PURPOSE:To improve the contrast ratio of the output image of an optical image element by constituting said element of a composite insulating layer consisting of a single crystal plate and amorphous diamond films and transparent electrodes. CONSTITUTION:Thin films consisting of oxide such as silicon dioxide, zirconia, alumina or yttrium oxide are formed as protective films on the surfaces of the single crystal 1 and thereafter amorphous diamond films which are insulating layers 2,2' are deposited thereon. The transparent electrodes 3, 3' are provided on the surfaces of such thin films. The amorphous diamond films are formed by a plasma CVD method in gaseous methane flow. Since the substrate temp. is low in this case, the optically uniform films are obtd. without the oxygen deficiency on the surface of the single crystal by the dissipation of oxygen from bismuth silicon oxide which is the substrate or the generation of the exfoliation and cracking of the films by the difference in the coefft. of thermal expansion. Then contrast ratio of output image of the optical image element is thus improved.

Description

DETAILED DESCRIPTION OF THE INVENTION The present invention relates to an optical image device that performs incoherent-coherent conversion of images, temporary storage of images, etc. using a single crystal plate having an electro-optic effect and a photoconductive effect.

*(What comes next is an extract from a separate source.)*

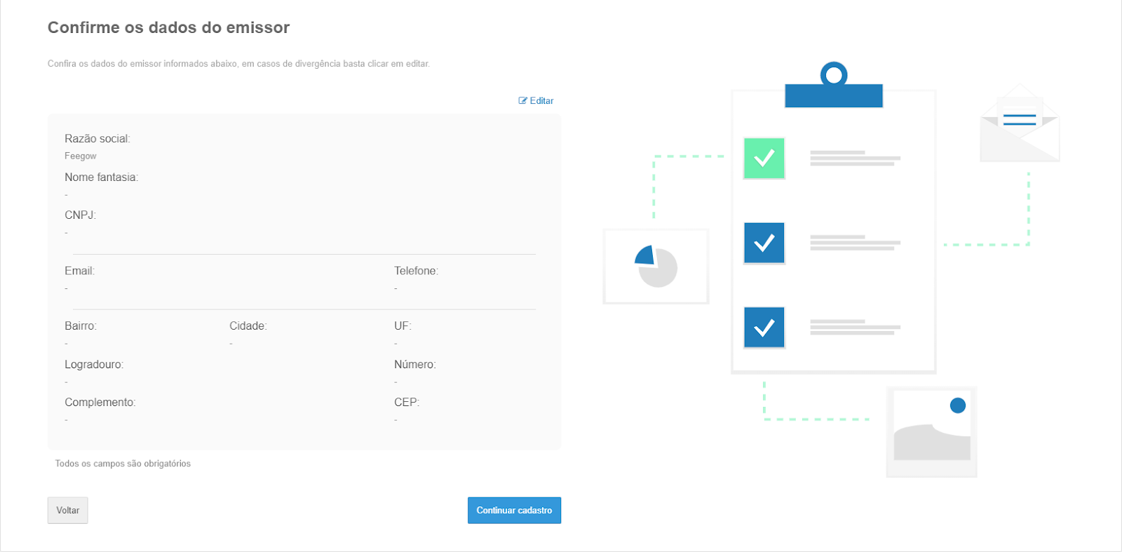 ● Confira os dados do emissor, caso exista alguma informação divergente ou incompleta basta clicar no botão de editar e inserir os novos dados.

FIG. 1 is a diagram showing the structure of an optical image element. Single crystal plate 1
, an insulating layer 2.2', a transparent electrode 3.3' and a power source 4. The single crystal plate 1 is a single crystal having an electro-optical effect and a wavelength-dependent photoconductive effect, such as bismuth silicon oxide (BiuSiO2o) or bismuth germanium oxide (Bi+gGeO2o),
An electric field is applied via the insulating layer 2.2' by means of the transparent electrode 3.3'. 7 is a polarizer, and 9 is an analyzer. This optical image element is used, for example, to convert an image of incoherent light into an image of coherent light, or to temporarily store an image. For example, it operates as follows. .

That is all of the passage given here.